Wenn man den Sieg erringen will, muss man bereit sein, alles zu opfern, selbst das, was einem am liebsten ist.
Ich bin ein Klingone. Wenn ich sterbe, werde ich in Sto-vo-kor sein. Dort werde ich mit meinen Vorfahren speisen, und wir werden über die Schlachten sprechen, die wir geschlagen haben.
Hintergrund & Bedeutung
In der Episode 'Der Komet' (Originaltitel: 'Genesis') der siebten Staffel von Star Trek: The Next Generation wird die Besatzung der Enterprise durch ein künstliches Virus in primitive Vorfahrenformen zurückverwandelt. Worf durchläuft dabei eine besonders gewalttätige Transformation in ein prädatorisches Wesen. Das Zitat fällt in einem Moment tiefer Reflexion über die eigene Sterblichkeit und die kulturelle Identität, während er mit den physischen und psychischen Belastungen seines klingonischen Erbes konfrontiert wird. Es unterstreicht seine Rolle als Brückenbauer zwischen der Föderationsdisziplin und den archaischen Traditionen seiner Heimatwelt Qo'noS, die ihn zeitlebens prägten.

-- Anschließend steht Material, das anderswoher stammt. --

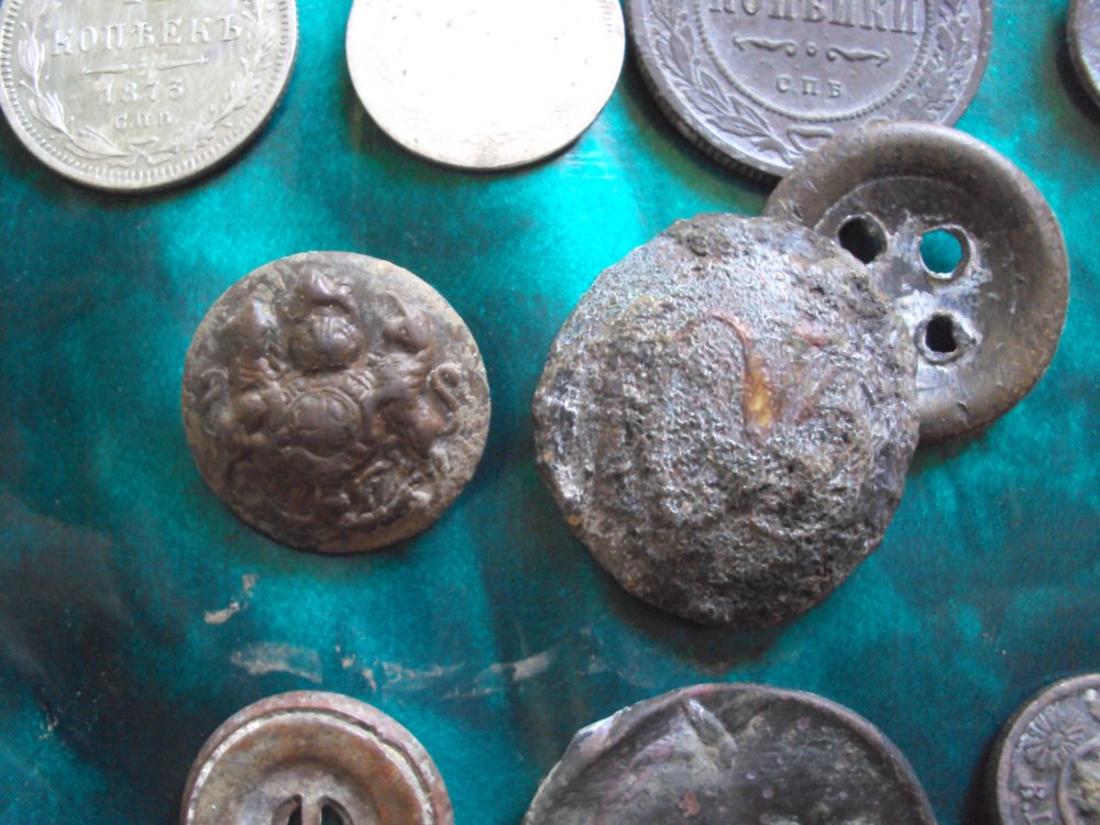 Я б тоже не тащил домой...Наелись маслины , консервов...вот и ленивые стали.....Вот за сегодня немного....На пугвице ,написано : "Таврической". Там еще зажигалка и пятак ,убитый...

Die Aussage artikuliert den unerschütterlichen Glauben an Sto-vo-kor, das klingonische Äquivalent zu Walhalla, in dem nur ehrenhaft gefallene Krieger Einzug halten. Für Worf ist der Tod kein Ende, sondern eine Heimkehr zu einer Gemeinschaft von Gleichgesinnten, definiert durch Kampfgeist und familiäre Ehre. Diese Überzeugung dient ihm als moralischer Kompass: Jede Handlung im Diesseits muss vor den Augen der Ahnen Bestand haben. Das Zitat verdeutlicht, dass für einen Klingonen die Erzählung über die Schlacht ebenso wichtig ist wie der Sieg selbst, da der Austausch von Heldentaten die soziale Kohärenz über den Tod hinaus sichert.
In der Popkultur wird diese Passage oft als Inbegriff der klingonischen Philosophie rezipiert und dient Fans als Ausdruck für Standhaftigkeit angesichts des Unvermeidlichen. Über den Science-Fiction-Kontext hinaus findet das Zitat Anwendung in Diskussionen über spirituelle Kriegerethik und die Bedeutung von Ahnenkulten. Es wird häufig herangezogen, um den Kontrast zwischen einer säkularen, technokratischen Gesellschaft und einem tief verwurzelten, mythologischen Weltbild darzustellen. Die zeitlose Faszination liegt in der kompromisslosen Akzeptanz der Endlichkeit, gepaart mit der Hoffnung auf eine ewige Anerkennung der eigenen Lebensleistung.